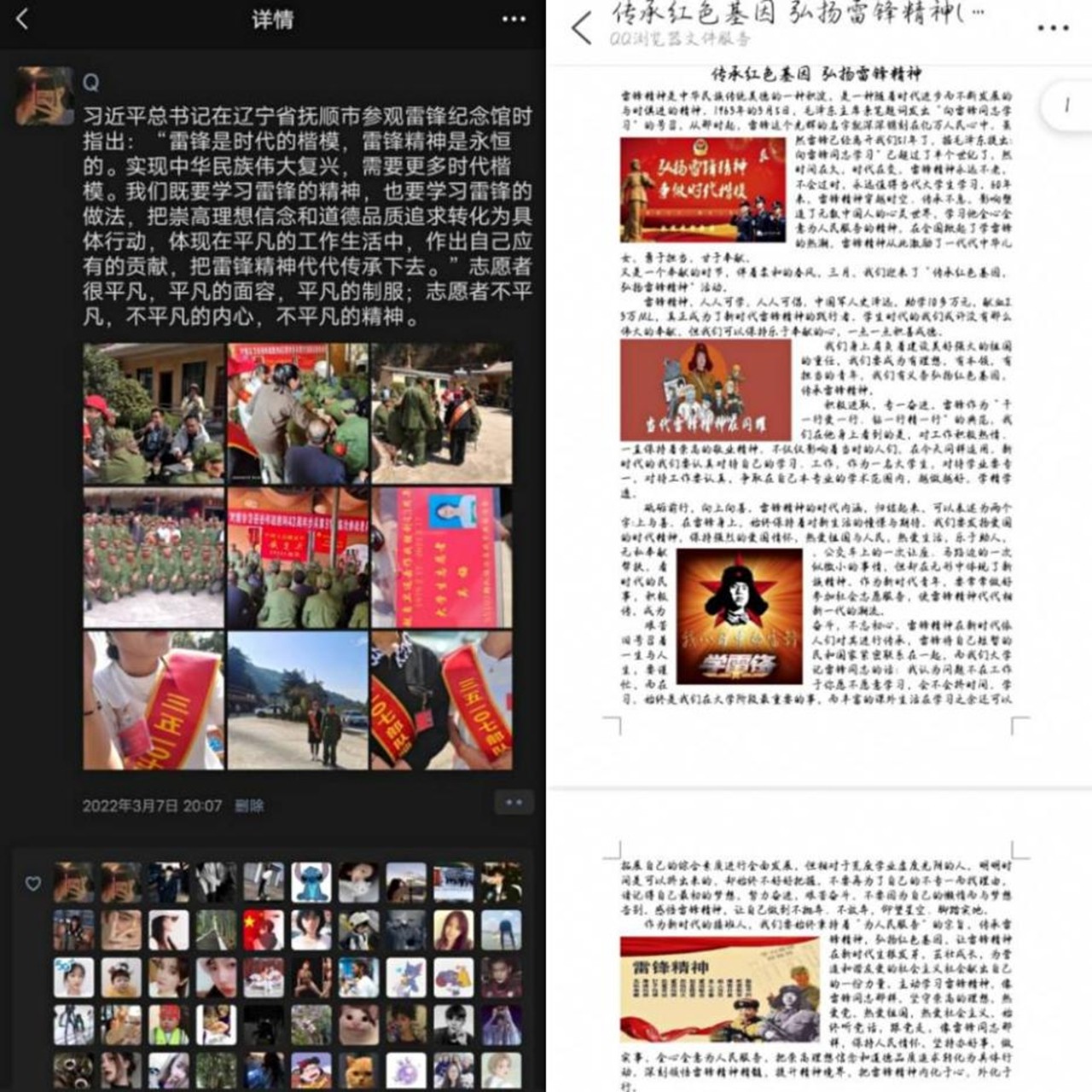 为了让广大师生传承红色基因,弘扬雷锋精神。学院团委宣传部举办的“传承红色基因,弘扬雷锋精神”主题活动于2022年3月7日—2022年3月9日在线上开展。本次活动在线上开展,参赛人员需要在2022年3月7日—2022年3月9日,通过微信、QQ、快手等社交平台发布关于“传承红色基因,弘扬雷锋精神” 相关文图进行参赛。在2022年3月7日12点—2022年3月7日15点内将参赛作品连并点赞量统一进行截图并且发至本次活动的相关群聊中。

▬▬▬

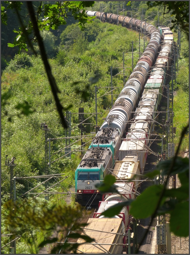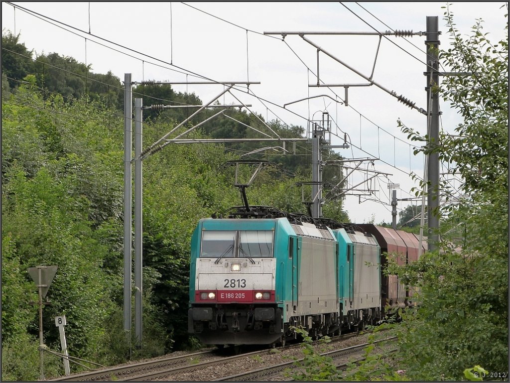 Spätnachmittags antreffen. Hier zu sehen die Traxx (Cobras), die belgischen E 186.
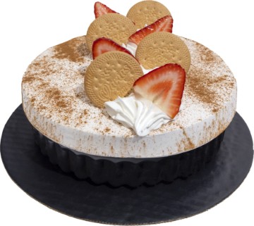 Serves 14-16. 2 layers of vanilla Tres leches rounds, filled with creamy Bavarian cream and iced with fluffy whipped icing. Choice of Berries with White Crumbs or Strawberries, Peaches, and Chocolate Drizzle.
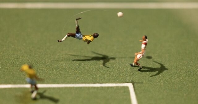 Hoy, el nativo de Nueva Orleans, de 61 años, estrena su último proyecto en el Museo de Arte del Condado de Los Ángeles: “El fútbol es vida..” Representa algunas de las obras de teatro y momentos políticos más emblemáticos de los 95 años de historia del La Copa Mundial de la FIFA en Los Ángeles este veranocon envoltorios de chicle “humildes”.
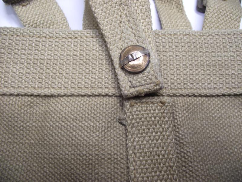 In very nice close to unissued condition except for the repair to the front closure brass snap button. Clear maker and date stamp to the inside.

▬▬▬

## TASK ITEM
With the pictures omitted, restate word for word the lines above from the line that has "Hoy, el nativo" up to and including the line that has "In very nice", and no other lines.

## ANSWER SECTION
 Hoy, el nativo de Nueva Orleans, de 61 años, estrena su último proyecto en el Museo de Arte del Condado de Los Ángeles: “El fútbol es vida..” Representa algunas de las obras de teatro y momentos políticos más emblemáticos de los 95 años de historia del La Copa Mundial de la FIFA en Los Ángeles este veranocon envoltorios de chicle “humildes”.
 In very nice close to unissued condition except for the repair to the front closure brass snap button. Clear maker and date stamp to the inside.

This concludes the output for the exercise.